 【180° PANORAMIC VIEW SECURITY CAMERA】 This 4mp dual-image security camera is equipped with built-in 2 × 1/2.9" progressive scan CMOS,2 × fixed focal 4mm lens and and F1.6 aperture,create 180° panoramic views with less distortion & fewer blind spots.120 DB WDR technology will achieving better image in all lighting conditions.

------------------------

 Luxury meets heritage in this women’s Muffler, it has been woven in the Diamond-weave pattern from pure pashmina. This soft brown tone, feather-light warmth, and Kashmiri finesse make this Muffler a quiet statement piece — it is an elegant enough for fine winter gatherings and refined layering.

------------------------

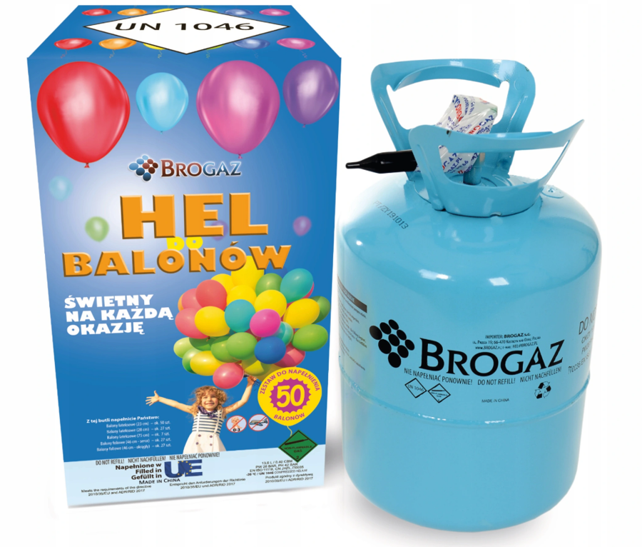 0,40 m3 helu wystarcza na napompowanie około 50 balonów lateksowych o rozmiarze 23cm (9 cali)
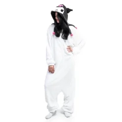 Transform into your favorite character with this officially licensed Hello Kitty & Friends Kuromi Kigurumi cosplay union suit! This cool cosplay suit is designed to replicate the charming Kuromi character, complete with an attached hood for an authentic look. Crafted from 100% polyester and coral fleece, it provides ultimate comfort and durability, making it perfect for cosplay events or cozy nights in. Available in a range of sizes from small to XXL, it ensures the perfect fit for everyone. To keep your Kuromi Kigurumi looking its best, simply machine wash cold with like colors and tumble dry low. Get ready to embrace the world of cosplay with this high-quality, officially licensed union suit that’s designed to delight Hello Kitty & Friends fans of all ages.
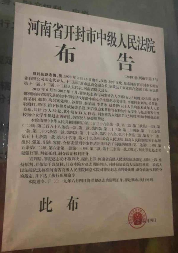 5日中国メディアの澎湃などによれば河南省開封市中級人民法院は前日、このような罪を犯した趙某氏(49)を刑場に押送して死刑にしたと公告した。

------------------------

Aim of the exercise - Using the data above, copy exactly the lines from the one containing "Transform into your" to the one containing "5日中国メディアの澎湃などに", inclusive. Exclude the pictures.

Reply to the exercise -
 Transform into your favorite character with this officially licensed Hello Kitty & Friends Kuromi Kigurumi cosplay union suit! This cool cosplay suit is designed to replicate the charming Kuromi character, complete with an attached hood for an authentic look. Crafted from 100% polyester and coral fleece, it provides ultimate comfort and durability, making it perfect for cosplay events or cozy nights in. Available in a range of sizes from small to XXL, it ensures the perfect fit for everyone. To keep your Kuromi Kigurumi looking its best, simply machine wash cold with like colors and tumble dry low. Get ready to embrace the world of cosplay with this high-quality, officially licensed union suit that’s designed to delight Hello Kitty & Friends fans of all ages.
 5日中国メディアの澎湃などによれば河南省開封市中級人民法院は前日、このような罪を犯した趙某氏(49)を刑場に押送して死刑にしたと公告した。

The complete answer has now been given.